Employment lawyers received disappointing news last week with the decision of the Court of Appeal to dismiss Unison’s claim seeking to overturn the Employment Tribunal Fees regime. Lord Justice Underhill stated that Unison would need to provide concrete evidence that the reduction in the number of claims issued was due to the updated fee scheme. This decision, and reasoning, was met with incredulity by commentators; particularly given the significant reduction in the number of claims since the introduction of fees in July 2013. Given this dramatic decrease in the number of claims many hoped that the overall evidence would be seen to speak for itself. The Court was “tempted” by this argument but failed to make the necessary causal connection that is apparent to many.
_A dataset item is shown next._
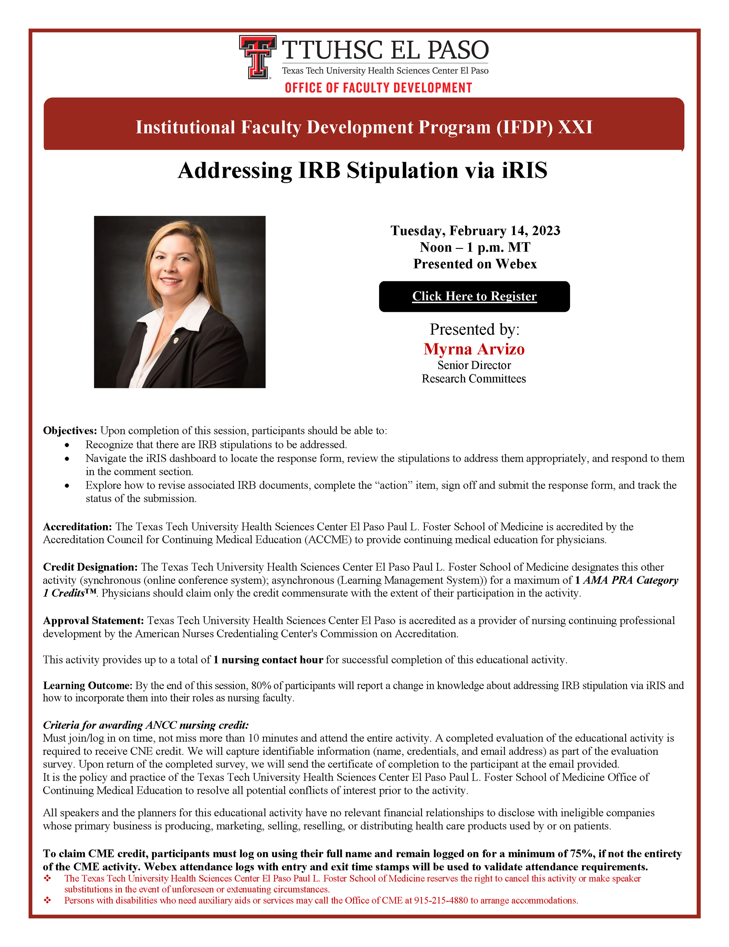 “Addressing IRB Stipulation via iRIS,” presented by Myrna Arvizo.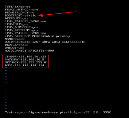 vi /etc/sysconfig/network-scripts/ifcfg-ens33

The promised review of fees was, of course, mentioned by Lord Justice Underhill: "The fact that the evidence put before this court has not satisfied me that there has been a breach of the effectiveness principle should not, and I am sure will not, preclude the Lord Chancellor from making his own assessment, on the basis of the evidence to which he will have access, on… the decline in the number of claims in the tribunals following the introduction of the Fees Order is sufficiently startling to merit a very full and careful analysis of its causes; and if there are good grounds for concluding that part of it is accounted for by claimants being realistically unable to afford to bring proceedings the level of fees and/or the remission criteria will need to be revisited." As has been noted in a previous blog many working in employment law have significant doubts about the scope of the proposed review and the assumptions being made when entering into it. Whether the comments by Lord Justice Underhill will have any bearing on the review is another matter, though some may consider that little hope can be held out when considering the Government’s track record on review and consultations within the legal sector.
The good news is that the claim will be taken to the Supreme Court and that evidence appears to be being gathered from people who have not brought claims solely due to the fees. Many employment lawyers remain optimistic that common sense will prevail and that the unjust fees regime will, at the least, be substantially amended.